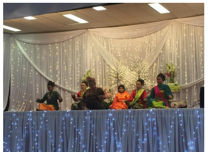
Malay Cultural Event of the Year Performers
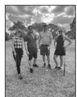
Golf Tournament Winners!!
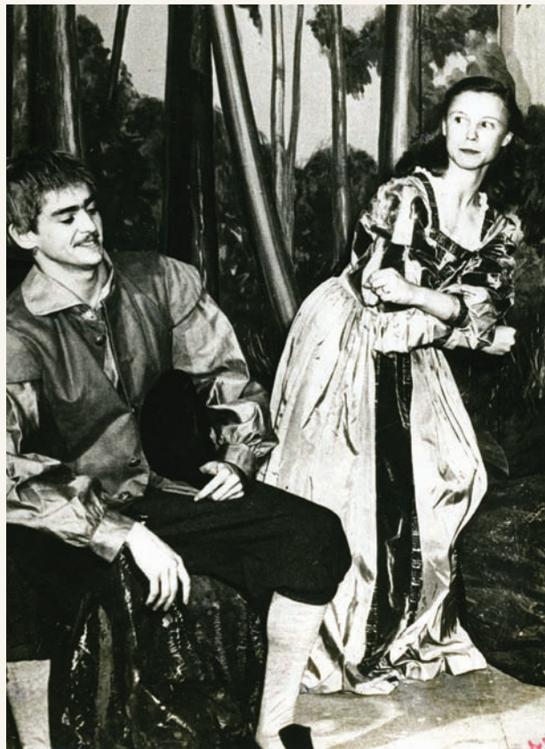
Scene from A Doctor in Spite of Himself

The first summer tour involved productions, in towns all across Saskatchewan, of Moliere's A Doctor in Spite of Himself and the "Pyramus and Thisbe" excerpt from Shakespeare's

────────────────────

> **What you should do**
Please ensure that the data above is repeated exactly, with no pictures in the copy.

> **Exercise solution**
Malay Cultural Event of the Year Performers
Golf Tournament Winners!!
Scene from A Doctor in Spite of Himself

The first summer tour involved productions, in towns all across Saskatchewan, of Moliere's A Doctor in Spite of Himself and the "Pyramus and Thisbe" excerpt from Shakespeare's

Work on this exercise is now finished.